Ключевая позиция заключается в том – здесь я придерживаюсь мнения замечательного психолога Льва Выготского – что образование ведет за собой развитие. Образование может работать в двух разных режимах. Первый – режим подавления разнообразия, и в этом плане оно выступает как уникальный историко-революционный механизм. Второй – как поддержка разнообразия. Если мы предлагаем те или иные гибкие платформы и решения, которые увеличивают возможность того, что мы называем «педагогика персонализации», то мы сталкиваемся с тем, что цифра, как любое орудие, помогает решить серьезнейшие ситуации, которые происходят вокруг.
Вместе с тем выдергивать образование из мощных психологических трансформаций, которые происходят вокруг, – большая ошибка.
Обратите внимание на название: «Гадкие лебеди Стругацких как антиутопия образования будущего». Сегодня мы сталкиваемся с межпоколенческим дефолтом, когда все больше усиливается цифровой и вообще социальный разрыв между поколениями. Мы оказываемся с детьми в совершенно разных мирах. Кто смотрел или читал «Гадкие лебеди Стругацких?». Это уникальная антиутопия: описывается, насколько наши дети становятся умнее, мудрее и сильнее нас.
Ключевая трагедия современного образования не в цифре, а в том, что идет трансформация установок, и мы начинаем отставать от наших детей.
Однажды я подарил ребенку 4-5 лет замечательные сказки Пушкина, с великолепными картинками. Ребенок взял книжку и попытался «раздвинуть» картинки двумя пальцами, но понял, что это плохой айпад. И я увидел беспредельно обиженное лицо, которое мне показало, что я из Юрского периода, что он настоящий цифровой абориген, а я цифровой мигрант. Это очень четко показывает, что дети уже живут в другой реальности.
В этой цифровой реальности я живу, как глубинный инвалид. Если для меня любые гаджеты – это протезы, то для детей нового поколения это импланты, это их дорощенные органы. Мне приходится обучаться каждому шагу по микрону, а им, трехлеткам, пятилеткам, учиться не надо. Они уже живут в цифровом мире и знают, как действовать. Когда я не могу что-то сделать с телефоном, пятилетка берет и через секунду все работает. Он не знает, как это сделал, но у него настолько практически мощный интеллект, что он четко находит те решения, которые мы найти не можем.
Сейчас наш мир – мир перегретых скоростей, мы все время спешим. У меня, как и у многих из вас, есть «синдром современника» – того, кто постоянно бежит за бегущим днем и не может его догнать.

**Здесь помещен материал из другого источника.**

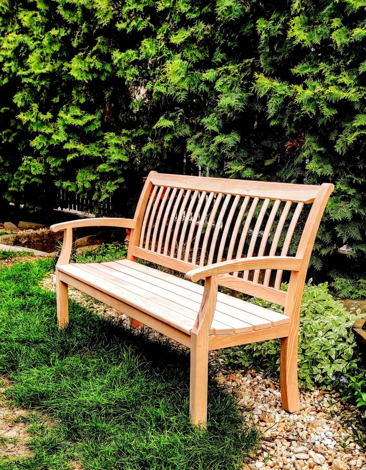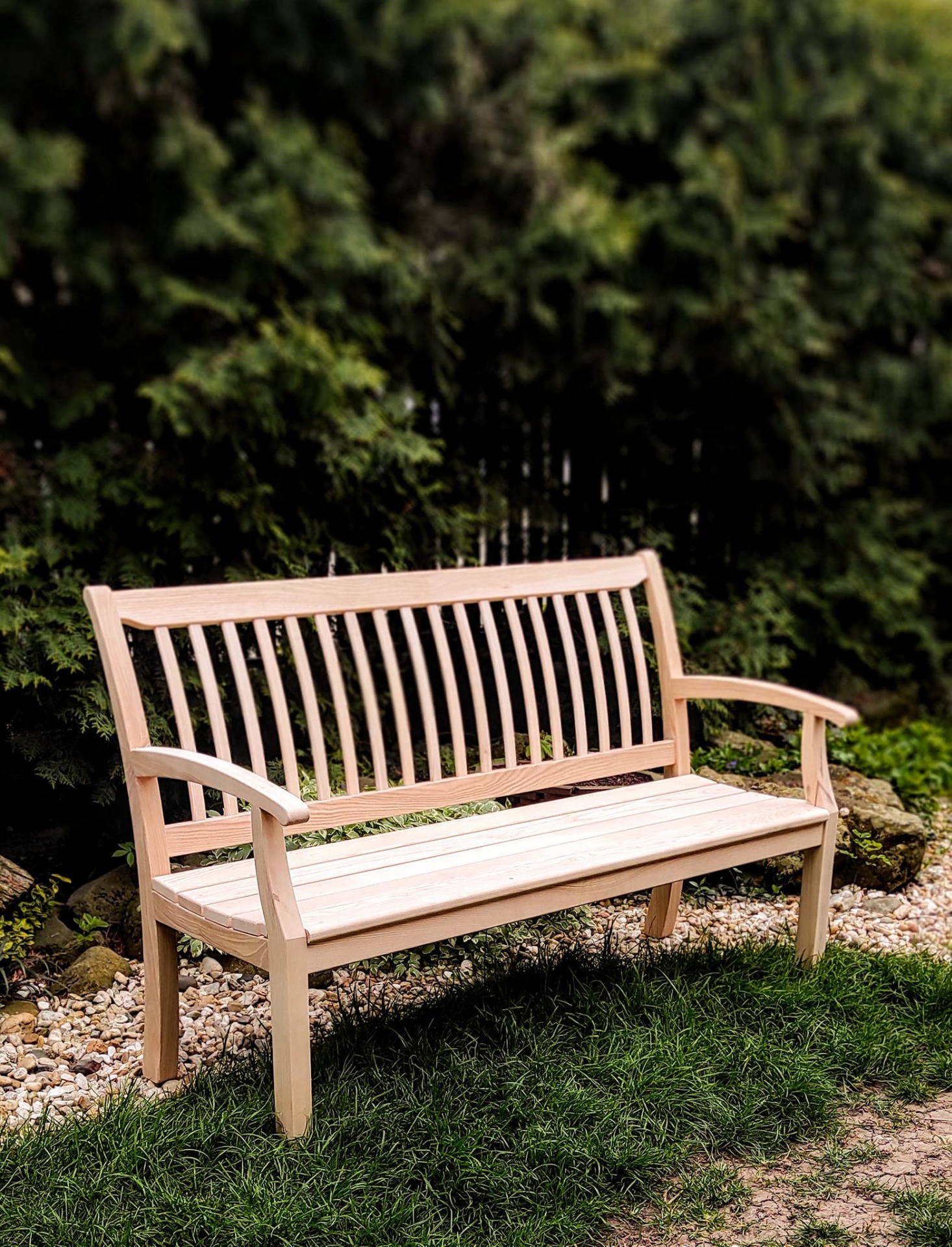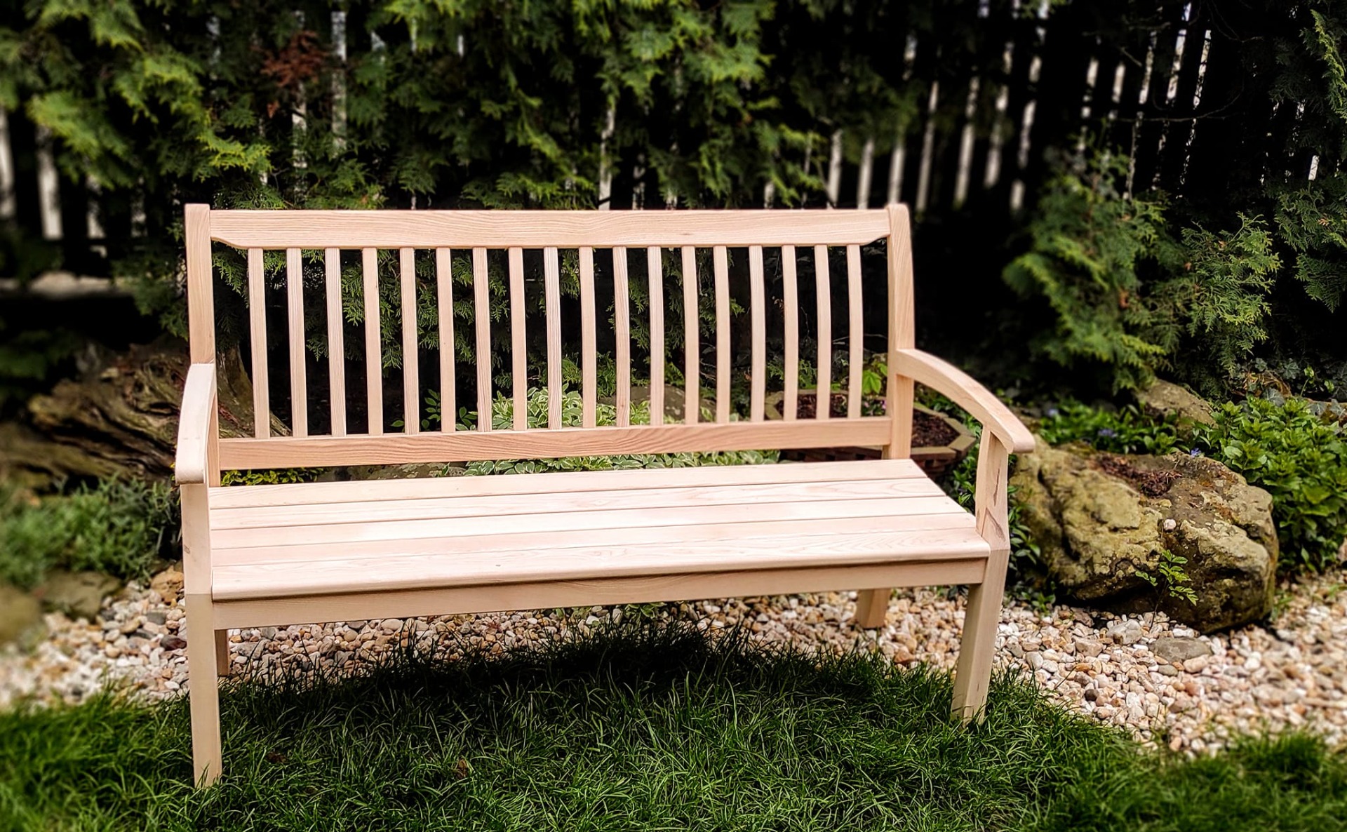Výsledkom je lavička, ktorá spája klasickú pevnosť a praktickosť s originálnym dizajnom. Jemne zakrivené operadlo, pohodlné opierky a čisté línie vytvárajú nábytok, ktorý pôsobí elegantne, no zároveň prirodzene zapadne do záhrady, na terasu či k domu.

Почему школьные учителя отстают от цифры и как это исправить? Ключевые моменты – это сопромат в сознании учителей. Учителя, особенно определенного поколения, заточены на другие программы и воспитывались в другом мире и им тяжело входить в другую реальность. В этом смысле простое решение – жесткая информатизация всех школ.
Главное, с чего необходимо начинать, – четкое понимание, что должно быть другое, вариативное, смысловое образование, а не образование по принципу подобия, когда мы только репродуцируем, а не создаем ситуацию, в которой дети бы всегда оставались почемучками.
И почемучки не исчезали бы в 5-6 лет. Диагноз образованию, из-за которого все трудности, наиболее ярко поставил Самуил Маршак своими стихами: «Он взрослых изводил вопросом «Почему?», его прозвали маленький философ. Но только он подрос, и начали ему преподносить ответы без вопросов. И с этих пор он больше никому не задавал вопроса «Почему?».
Беда заключается в том, что ключевая социокультурная технология школы строится по формуле «ответы без вопросов». Мои студенты ставили эксперимент: подходили на улице к прохожим и спрашивали: «Скажите, какая в Бразилии погода?». От них отшатывались или показывали [пальцем у виска]. Ребенок приходит в первый класс, садится за парту, как на каторгу, и в этой неизменной позе замкнутости пребывает больше 10 лет. Он ни о чем не спрашивал учителя, но тот начинает давать те или иные знания. Если раньше говорили: «Надо учиться, учиться и еще раз учиться», то ключевая формула сегодняшнего образования: «Надо мотивировать, мотивировать и еще раз мотивировать». Необходимо изменить систему, в которой сегодня оказывается ребенок по очень многим причинам.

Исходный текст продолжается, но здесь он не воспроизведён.